States’ rights suffered another blow last October, when President Clinton signed into law a $58-billion transportation bill. Tucked away amidst the election-year pork-barrel spending was a provision which, in effect, sets a nationwide drunk-driving standard. Under section 351 of the new law, state receipt of federal highway funds is made contingent upon adoption of a blood-alcohol content (BAG) intoxication standard of .08 percent. States that refuse to tailor their laws to Washington’s liking will lose a portion of their federal highway funds—two percent in 2004, four percent in 2005, six percent in 2006, and eight percent in 2007.

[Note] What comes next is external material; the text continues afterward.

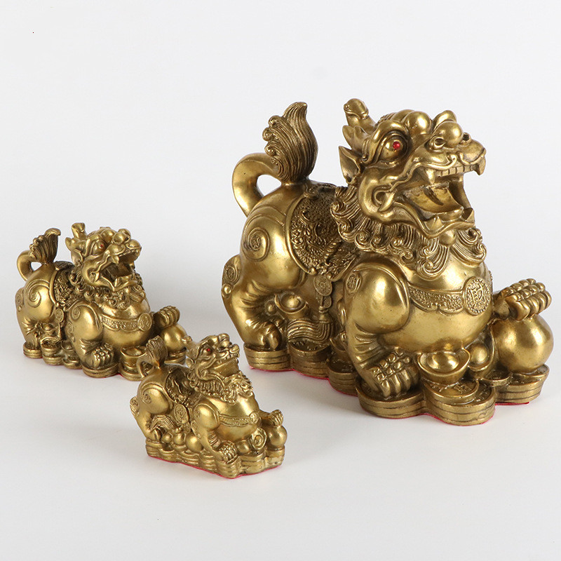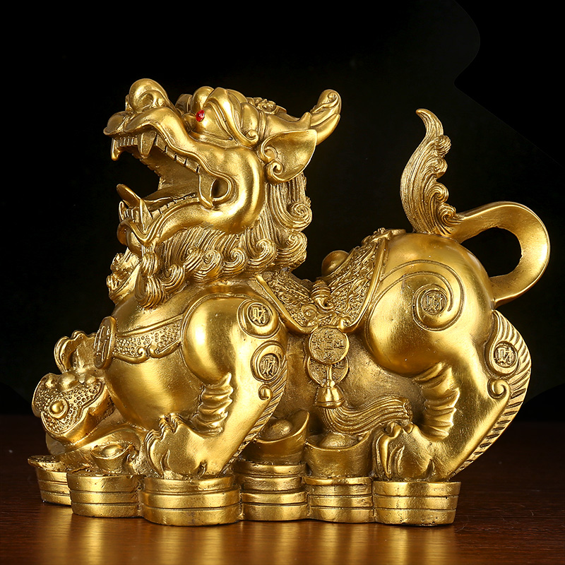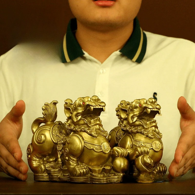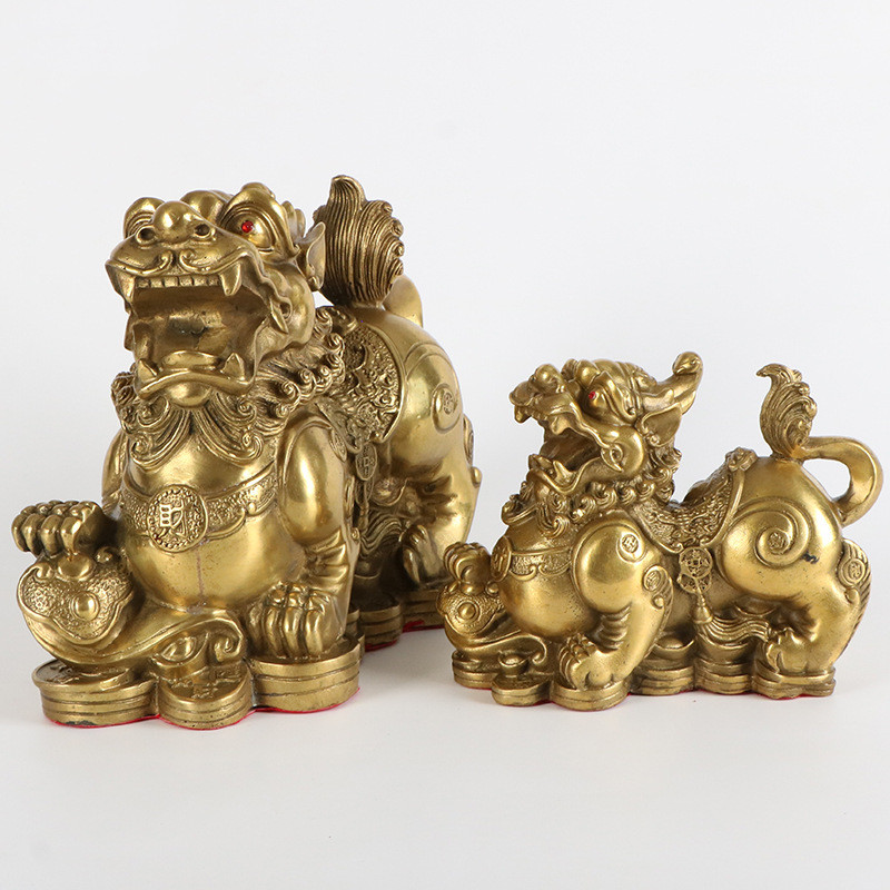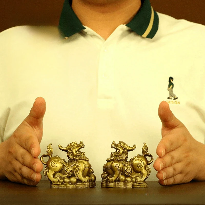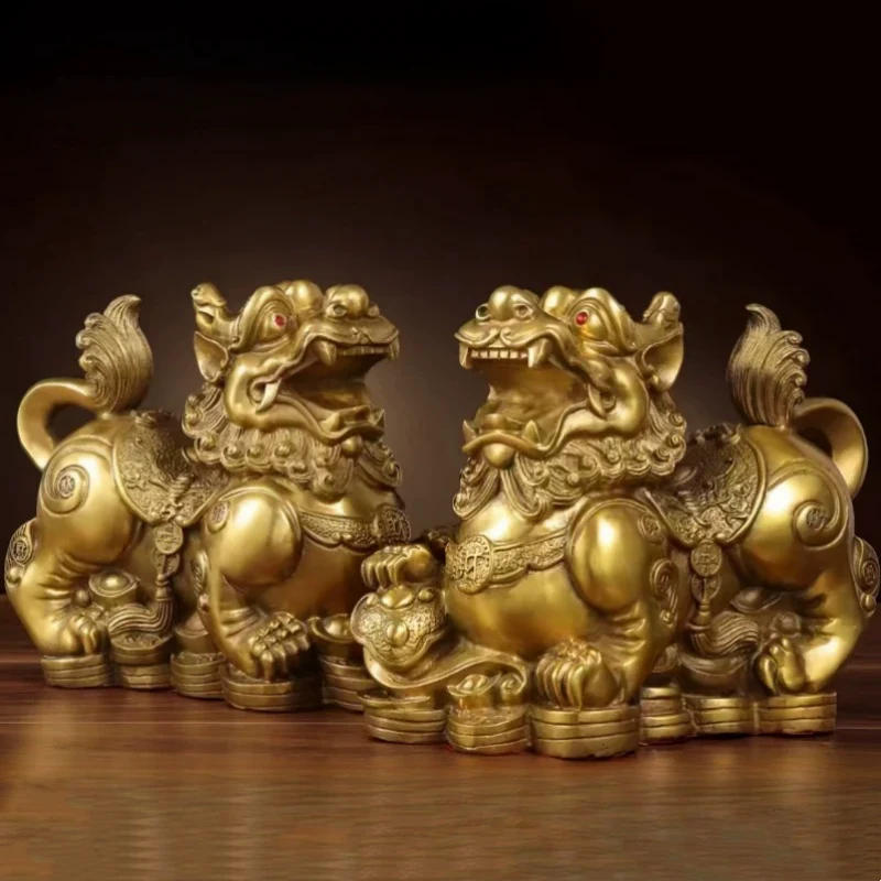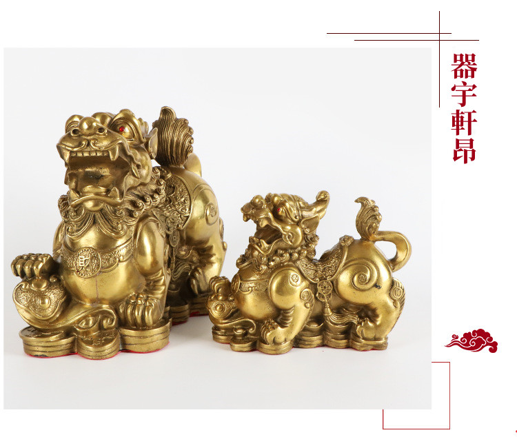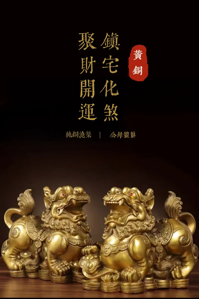 鎮宅化煞 | 聚財開運 | 一對入鎮宅聚財公母貔貅擺件 | 純銅鑄造 | 大師工藝 | 古樸器型器宇軒昂招財聚財守財黃銅貔貅擺件一對入

Nineteen states and the District of Columbia already have .08 laws, and in Massachusetts, .08 is considered evidence but not proof of impairment. The other 31 states use .10 to define drunken driving. Mothers Against Drunk Drivers and other supporters of the new law estimate that 500 lives will be saved each year. Pointing out that the average BAG level for drunks involved in fatal crashes is .17, the restaurant and alcohol industries counter that a .08 level will penalize social drinkers and hurt small business. Lost in the bickering is the propriety of penalizing a sovereign state for crafting its own BAG standard. Drunk driving is a local criminal matter; therefore, BAG levels fall within a state’s broad police powers—its reserved powers.

Unfortunately, this lack of respect for state sovereignty is hardly surprising. Prevailing Supreme Court precedent permits Congress to attach myriad strings to federal spending. In South Dakota v. Dole (1987), the Court upheld a congressional mandate directing the secretary of transportation to withhold highway funds from states with drinking ages under 21. Relying on cases from the New Deal, the Court reaffirmed that “the power of Congress to authorize expenditure of public moneys for public purposes is not limited by the direct grants of legislative power found in the Constitution.” Congressional exercise of the spending power, continued the Court, is valid so long as it is for the general welfare, the conditions imposed are unambiguous, the conditions relate to national concerns, and the conditional grant does not run afoul of other constitutional provisions. In other words, there are no real limits on congressional spending. Vague concepts such as “general welfare” and “national concerns” are hardly restrictive.

Of course, the Constitution, despite the Supreme Court’s exegesis, does impose limits on congressional spending. Article Eight, Section One permits Congress to tax and “to pay the Debts and provide for the common Defence and general Welfare of the United States.” Following this declaration is an enumeration of specific powers which would be rendered superfluous if “general welfare” was the standard. In his Virginia Resolutions, James Madison stated that the general-welfare language was “copied from the very limited grant of powers in the former articles of confederation” to ensure against misconstruction. “[I]t will scarcely be said,” Madison continued in his Report of 1799, that this language was “ever understood to be either a general grant of power” or to permit the Confederation Congress to escape the Articles’ enumeration of powers. Hence, the text and history of the Constitution belie any assertion of a spending power not connected to the enumerated powers.

For all the carping from the academy about a conservative Supreme Court, there clearly has been no conservation of the Constitution’s limits on congressional spending. Congress spends as freely as the British parliament—a body claiming ultimate sovereignty and enjoying no real limits on its power. The nationwide .08 standard is but the latest example of the transformation of our system. While the United States has continued the form of a republic with divided legislative sovereignty, the reality is much different. If Congress can tamper with states’ DUI laws, then we may safely declare that no local matter remains outside of Washington’s reach.